Intact cells of the unicellular green alga C. reinhardtii were treated with p-benzoquinone after adaptation to state I by far-red illumination or to state II by an incubation under anaerobic conditions. This reagent can be regarded both as an oxidant of the plastoquinones and a protein cross-linker. When algae placed in state I then treated with p-benzoquinone were transferred to state II conditions, and conversely, they retained the fluorescence yield characteristic of their initial state. We could thus obtain intact cells blocked in either state I or II with a similar oxidation state of the electron transfer chain.

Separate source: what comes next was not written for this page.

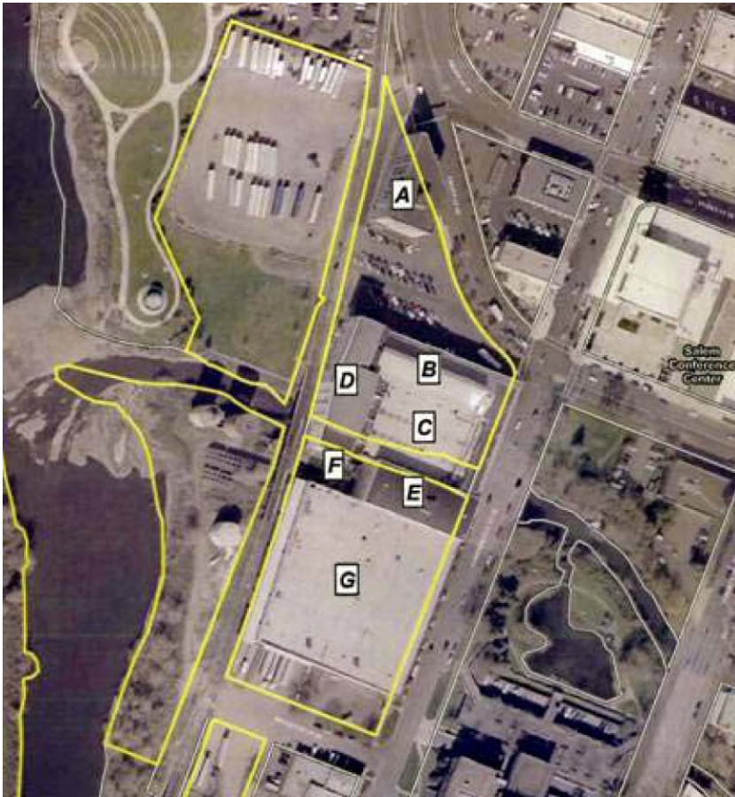
Figure 1. Existing Boise Cascade Site Buildings

The site contains numerous structures as shown in Figure 1.

Analysis of the concentration dependences for state fixation by p-benzoquinone indicated that its reduction prevented state fixation, as expected from a cross-linking action mechanism. We present evidence for such a cross-linking action at the thylakoid membrane level. However, we could rule out the possibility that state fixation occurred through LHC immobilization due to an extensive protein cross-linking, since p-benzoquinone treatment did not prevent protein lateral diffusion along the thylakoid membranes. In contrast, it did prevent changes in LHC phosphorylation. We conclude that the inactivation of the enzymes (kinase and phosphatase) controlling LHC phosphorylation changes is responsible for state fixation. We discuss the mechanism of such enzyme inactivation by p-benzoquinone in terms of intramolecular cross-links. © 1990.